## Requirement
The required output is the stretch from the line containing "Invoke Duplicity —" through the line containing "GAS - HEK Typ" in the records below, unaltered and with no pictures.

## Exercise materials
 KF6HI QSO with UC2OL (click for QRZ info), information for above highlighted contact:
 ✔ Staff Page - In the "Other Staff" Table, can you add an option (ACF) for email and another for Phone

...

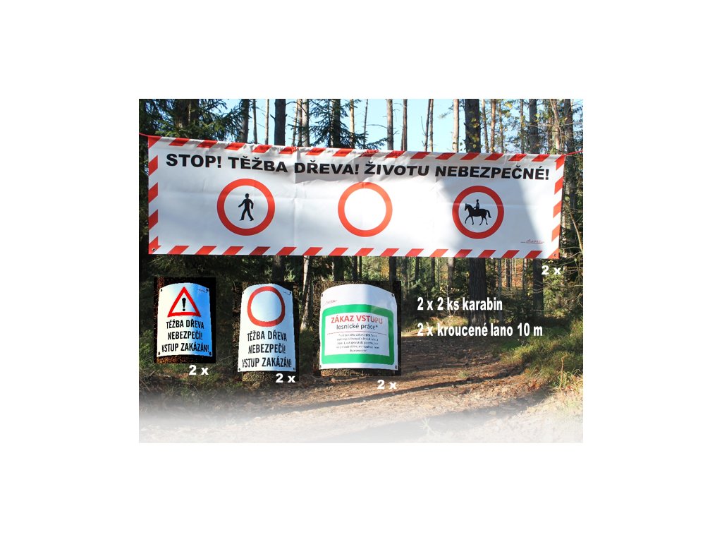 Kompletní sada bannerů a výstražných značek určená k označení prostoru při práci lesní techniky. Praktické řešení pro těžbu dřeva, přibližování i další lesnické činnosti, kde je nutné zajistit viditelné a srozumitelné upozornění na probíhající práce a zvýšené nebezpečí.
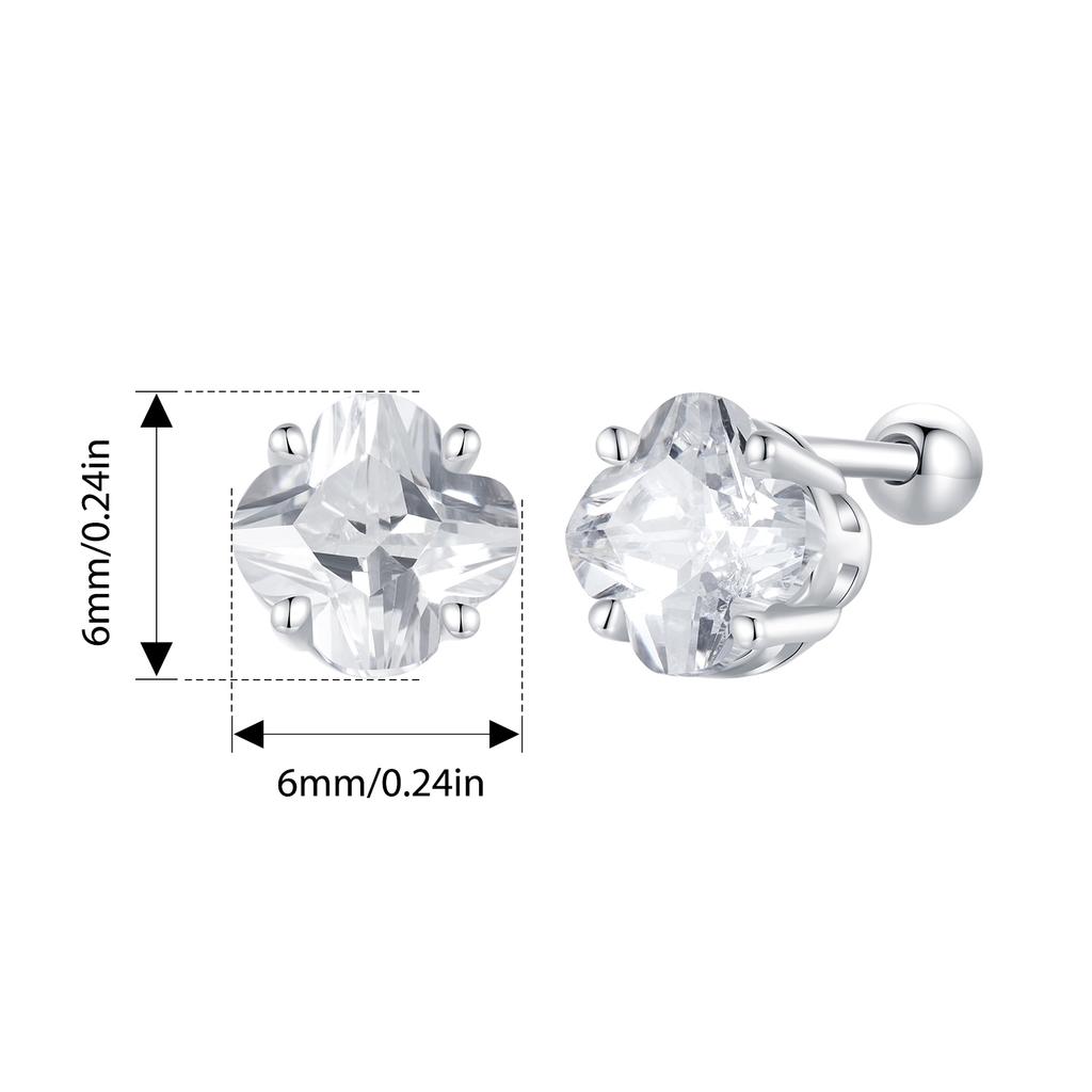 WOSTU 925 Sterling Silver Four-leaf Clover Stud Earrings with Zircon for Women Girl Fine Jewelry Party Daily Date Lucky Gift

* * *

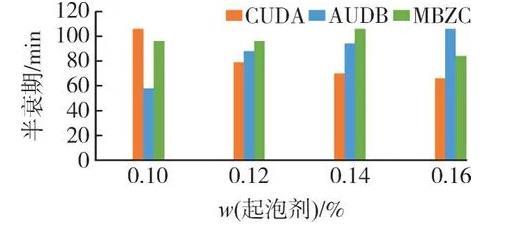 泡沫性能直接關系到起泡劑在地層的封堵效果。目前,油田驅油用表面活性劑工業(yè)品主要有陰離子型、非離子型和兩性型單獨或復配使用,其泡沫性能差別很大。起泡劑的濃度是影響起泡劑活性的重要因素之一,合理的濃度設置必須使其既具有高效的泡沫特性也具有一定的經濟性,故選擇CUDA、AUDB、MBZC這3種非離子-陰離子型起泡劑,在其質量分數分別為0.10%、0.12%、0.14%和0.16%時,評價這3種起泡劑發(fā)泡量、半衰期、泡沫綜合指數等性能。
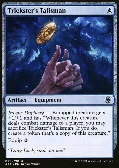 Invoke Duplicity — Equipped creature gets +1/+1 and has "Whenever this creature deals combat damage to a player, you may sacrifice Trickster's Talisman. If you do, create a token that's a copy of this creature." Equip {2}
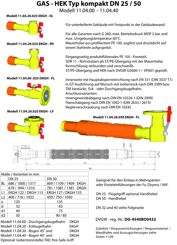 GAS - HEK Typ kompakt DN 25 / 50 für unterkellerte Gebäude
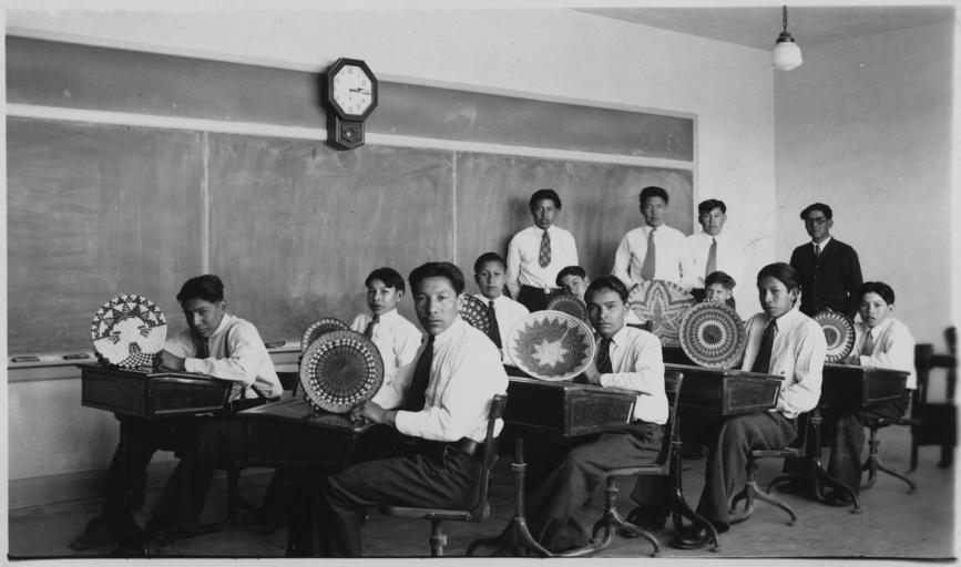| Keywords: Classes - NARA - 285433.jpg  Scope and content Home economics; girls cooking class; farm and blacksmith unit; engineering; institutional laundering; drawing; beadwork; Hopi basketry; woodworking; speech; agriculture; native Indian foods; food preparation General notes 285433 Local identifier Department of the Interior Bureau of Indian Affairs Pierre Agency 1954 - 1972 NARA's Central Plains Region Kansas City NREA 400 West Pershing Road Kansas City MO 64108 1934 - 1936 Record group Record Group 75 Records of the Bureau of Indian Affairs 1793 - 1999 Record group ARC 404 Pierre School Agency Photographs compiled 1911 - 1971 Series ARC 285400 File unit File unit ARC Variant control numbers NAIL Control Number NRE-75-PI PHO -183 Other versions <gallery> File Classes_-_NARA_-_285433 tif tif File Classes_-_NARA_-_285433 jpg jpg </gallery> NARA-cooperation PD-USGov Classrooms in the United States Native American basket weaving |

## Written solution
 Invoke Duplicity — Equipped creature gets +1/+1 and has "Whenever this creature deals combat damage to a player, you may sacrifice Trickster's Talisman. If you do, create a token that's a copy of this creature." Equip {2}
 GAS - HEK Typ kompakt DN 25 / 50 für unterkellerte Gebäude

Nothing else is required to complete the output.